Click on Save after your activity whenever there is one in the box. This way your work is recorded. Saving also triggers a check of your answer. If your answer is wrong, then for the tasks, keep trying.

You can only answer a question once, so it's not worth going off on a wild guess. If in doubt, go back to the text and videos or the 'try it yourself' box associated with the question. Of course, it's OK to get it wrong, but then you know you need a refresher. The purpose of the questions is to give you a chance to test that you've understood the point.

You can do the exercises as many times as you need to. The exercises will give you practice on the topics covered in the course. Typically, the insight sought in an assignment requires experimentation. When a gate assignment comes up, fearlessly try all the gates and feeds it allows. As a general rule, you should complete the assignments as they come up. Of course, you can also leave a difficult assignment for later. To pass the course, all assignments must be completed.

You can check your performance at the end of the document, where you will find a list of unanswered questions and unfinished assignments.

Need help with your tasks?

If you need help with course assignments or want clarification on something, the right place to ask questions is the course discussion board. You can access the discussion board from the Discussion section in the top bar.

For most of the tasks, you can already find a hint by clicking on the green Quantum Owl logo below the task. If you get stuck, ask for advice in the discussion board. It is worth checking the previous discussion first, as someone else may have already asked the same question.

Who is responsible?

The teacher in charge of Quantum Algebra is Teiko Heinosaari. For any questions regarding the course, please contact the teacher at kvanttiaakkoset@jyu.fi. Any questions regarding assignments or other course material belong in the discussion board.

How will the document be used?

The course material is one coherent document with text, videos, questions and exercises.

Instructions for watching videos:

Before you start watching the video, read the accompanying text next to or below the video (depending on the device you are using).
Speed allows you to adjust the speed of the video.
Adv allows you to see the forward and backward jumps.
You can turn on the subtitles by clicking on the three dots behind (Chrome) or the CC icon(Firefox).
Hidefile allows you to hide the video view after watching it.

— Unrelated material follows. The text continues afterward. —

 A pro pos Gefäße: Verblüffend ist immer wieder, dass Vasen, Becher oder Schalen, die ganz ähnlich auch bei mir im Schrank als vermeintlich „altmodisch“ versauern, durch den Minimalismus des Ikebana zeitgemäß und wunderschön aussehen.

I will not do the course in one sitting. How do I remember where I am?

There are orange bars on the right-hand side of the page. The orange bar indicates a block that you have not yet read. Click on the orange bar to mark it as read. Click on to mark the document blocks up to the previous title level as read. If you don't like the bars, you can disable them completely by clicking on the wheel -> Mark all as read. However, bars are the preferred way to keep track of your progress, so you should at least try using them.

I like to write myself notes in the margin. How can I do that?

Writing a note in the margin is called commenting in TIM. It is worth making commenting an active part of your learning. Here's how to do it:

Click on the block and then on the edit menu . Select Comment/note.
Enter your comment in the Add comment form.
Select whether the comment is visible to everyone(Everyone) or only to you(Just me).
Save the comment by clicking on Save.

Note! Even if you write a comment for everyone, your name will not appear in it. You are welcome to share your thoughts with others.

If you have moved the editing menu to the left of the block, click on the block and the letter C (Comment) will appear on the right, click on the letter C

What is TIM?

The Alphabet of Quantum Computation uses TIM as its platform. TIM (The Interactive Material) is a versatile learning platform that allows the creation of interactive learning materials. TIM is open source software maintained by the Faculty of Information Technology at the University of Jyväskylä. More about TIM can be found here. The essential thing for this course is that this TIM document contains different interactive tasks. In addition, you can modify the view of the document to some extent to your liking. The image in the upper left corner of the book shows the table of contents.